Through the book Moriarty explains how kids should listen to their feelings and then “let them go.” She introduces simple breathing techniques that are appropriate for young children. There are also questions at the back of the book to help parents and teachers talk with children about their feelings.
Moriarty said adults can struggle with emotions, as well. It can be difficult in the moment to remember “respond, don’t react,” she said. The book teaches that feelings “come and go,” Moriarty said, adding that adults, as well as children, are capable of understanding that they can feel “big feelings” and still be safe. “They’re complex feelings, but it doesn’t have to be a complex lesson,” she said.
Moriarty said, “A major lesson at the end of the book is to focus on that feeling of love — loving strangers, friends, and most importantly, oneself. I think love encompasses all the emotions, which makes it unconditional. I see love as truly ‘seeing’ someone with no judgment. It is the strongest energy and helps us understand each other.”

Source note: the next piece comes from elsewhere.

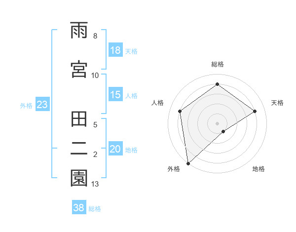 雨宮 田二園さんを姓名の画数から五運を鑑定

The first people to read the book were Moriarty’s three nephews ages 5, 3 and 18 months old. She said each of them seemed to get something different from it. While the 5-year-old was beginning to learn to read, the 3-year-old named the emotions that the fuzzies were displaying on the page and the 18-month-old pointed at them and made faces that corresponded to how they were feeling.
Eventually, Moriarty would like to create a series of books featuring fuzzies that would explore emotions in different situations such as the first day of school or when a new sibling is added to the family.

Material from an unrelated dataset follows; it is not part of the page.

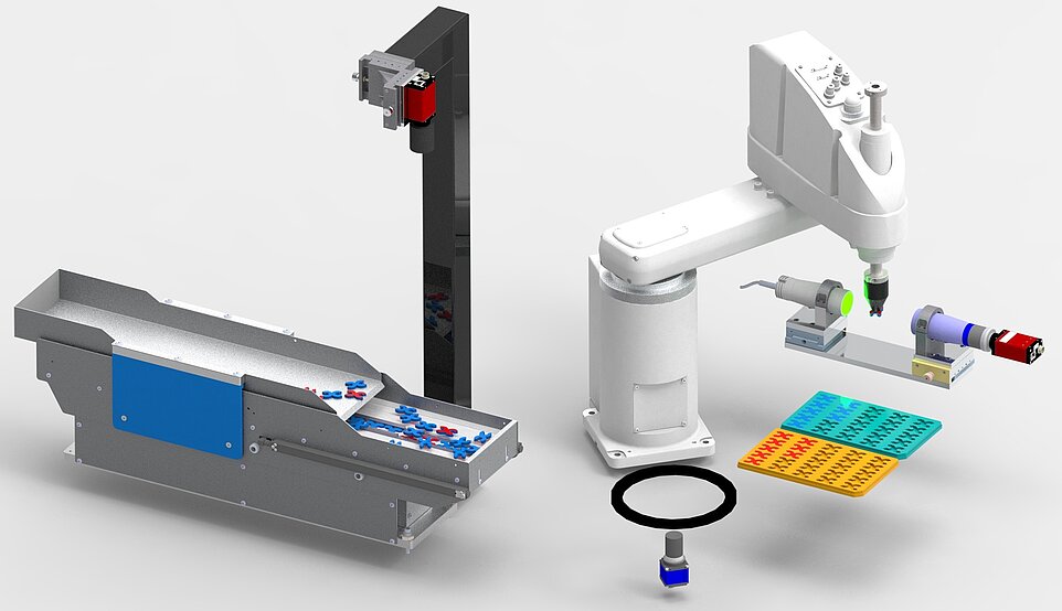 Skalierbares System: Durch die Wahl von passender Fördereinheit und Robotertyp können Teilegrössen von 5 x 5 mm bis 150 x 150mm verarbeitet werden. Das modulare System ermöglicht den Einsatz von SCARA Robotern mit grosser Reichweite, Sechsachsrobotern, Mehr-kamerasystemen auf PC-Basis oder Cognex In-Sight für High Speed Anwendungen.

Moriarty said the feedback has been “really exciting.” So far, a preschool has purchased the book and read it as a class. Moriarty said she was told the children enjoyed it and some wanted to read the book again the next day. The first-time author has plans to read the book to children at the South Hadley Library and the book will be going to the Bowe Elementary School in Chicopee and a Hartford kindergarten class.
“Fuzzies: First Book of Feelings” is available on amazon.com.